Pop quiz: can you remember a single scrutiny-bearing idea or a memorable turn of the phrase from Obama’s race speech? Me neither. And I’ve noted before that some of Obama’s more memorable lines, (like the bit about how he can no more renounce Wright than he can renounce his grandmother), are pretty transparently bullshit. Not that we should hold Obama’s occasional bullshitting strongly against him. We all know that bullshit is the grease that allows the wheels of any presidential campaign to turn and tolerate it insofar as we think it’s being deployed in a good cause.
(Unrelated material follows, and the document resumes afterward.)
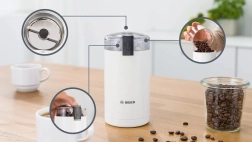 Uživajte u mirisu i okusu svježe mljevene kave svaki dan. Bosch TSM6A011W je pouzdan i jednostavan za upotrebu, a zahvaljujući posudi za mljevenje od nehrđajućeg čelika i oštrom dvokrakom nožu brzo i ravnomjerno melje zrna kave. Njegovo kompaktno cilindrično kućište stane u svaku kuhinju i lako se sprema.

But we shouldn’t forget that, since we’re constantly evaluating presidents on the basis of insufficient data, the difference between presidential wisdom, wrong-headedness and empty-headedness is always going to be largely in the eye of the beholder.
In an ideologically divided polity like ours, presidents will always have supporters anxious to tell you about their surpassing wisdom and opponents anxious to bend your ear about their wrong-headedness. But the spreading perception of empty-headedness does an administration in. George W. Bush could survive a lot people thinking before the 2004 election that he'd made a bad mistake by invading Iraq, but his presidency couldn't recover from the perception that set in by the summer of 2006 that he was prosecuting a war without having a plan.
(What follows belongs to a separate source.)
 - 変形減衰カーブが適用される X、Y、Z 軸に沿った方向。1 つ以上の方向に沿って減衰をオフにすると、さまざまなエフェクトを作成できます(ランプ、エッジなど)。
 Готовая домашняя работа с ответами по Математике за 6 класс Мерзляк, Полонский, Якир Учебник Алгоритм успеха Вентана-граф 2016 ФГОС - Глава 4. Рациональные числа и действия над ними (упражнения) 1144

That’s why I take Niall Ferguson’s cover story in Newsweek seriously as much for its appearance as for what it says. He’s everybody’s idea of a heavyweight public intellectual and the new regime at Newsweek has given him a prominent platform to disparage Obama. And Ferguson has used it to propound the thesis that Obama isn’t just wrong-headed, but empty-headed (my emphasis):
That hurts. Intellectuals tend to run in herds and Ferguson is the kind of guy who could start a stampede.“I can think of no more damning indictment of the administration’s strategic thinking than this: it never once considered a scenario in which Mubarak faced a popular revolt. Yet the very essence of rigorous strategic thinking is to devise such a scenario and to think through the best responses to them, preferably two or three moves ahead of actual or potential adversaries. It is only by doing these things—ranking priorities and gaming scenarios—that a coherent foreign policy can be made. The Israelis have been hard at work doing this. All the president and his NSC team seem to have done is to draft touchy-feely speeches like the one he delivered in Cairo early in his presidency. . . .
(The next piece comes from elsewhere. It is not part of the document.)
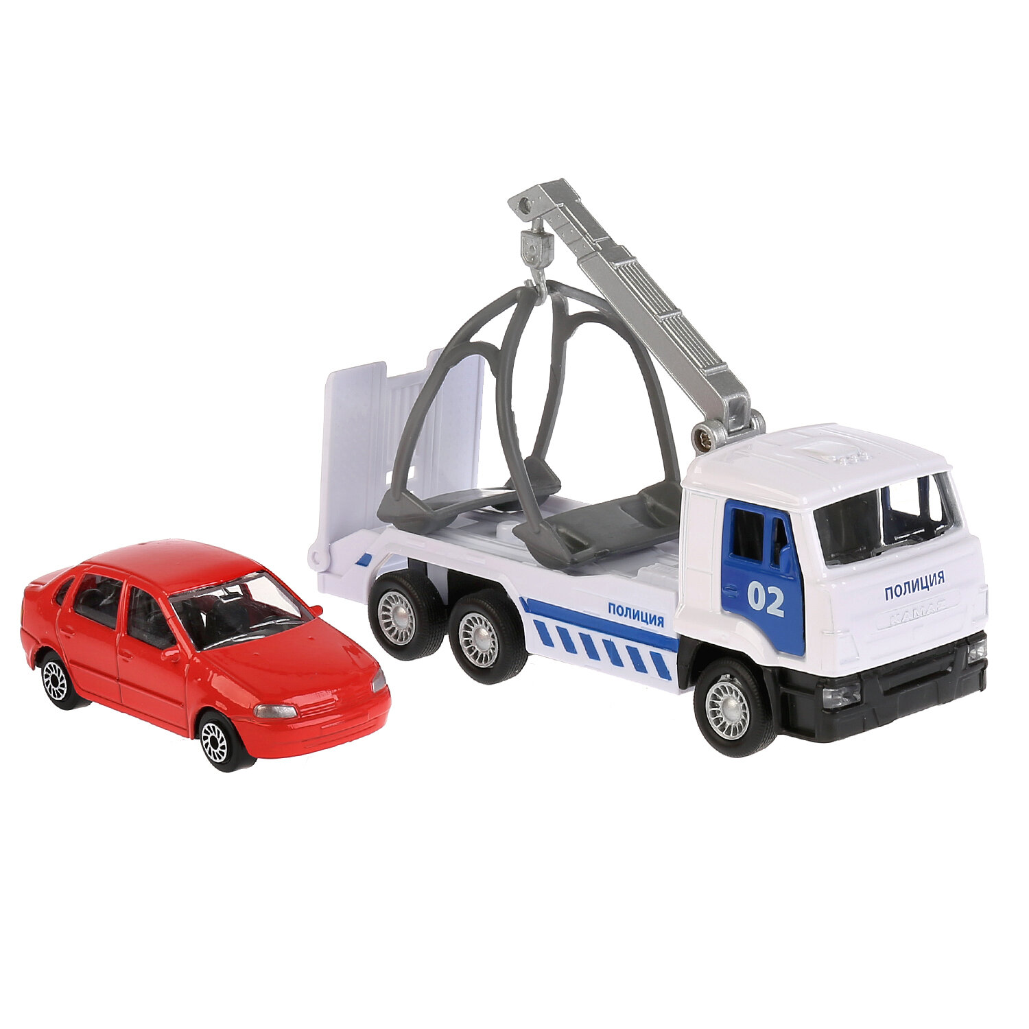 Купить Машина Kamaz Эвакуатор Полиция 12 см + машинка 7,5 см металл инерция Технопарк SB-16-27-A1-WB (48)

“Grand strategy is all about the necessity of choice. Today, it means choosing between a daunting list of objectives: to resist the spread of radical Islam, to limit Iran’s ambition to become dominant in the Middle East, to contain the rise of China as an economic rival, to guard against a Russian “reconquista” of Eastern Europe—and so on. The defining characteristic of Obama’s foreign policy has been not just a failure to prioritize, but also a failure to recognize the need to do so. A succession of speeches saying, in essence, “I am not George W. Bush” is no substitute for a strategy.”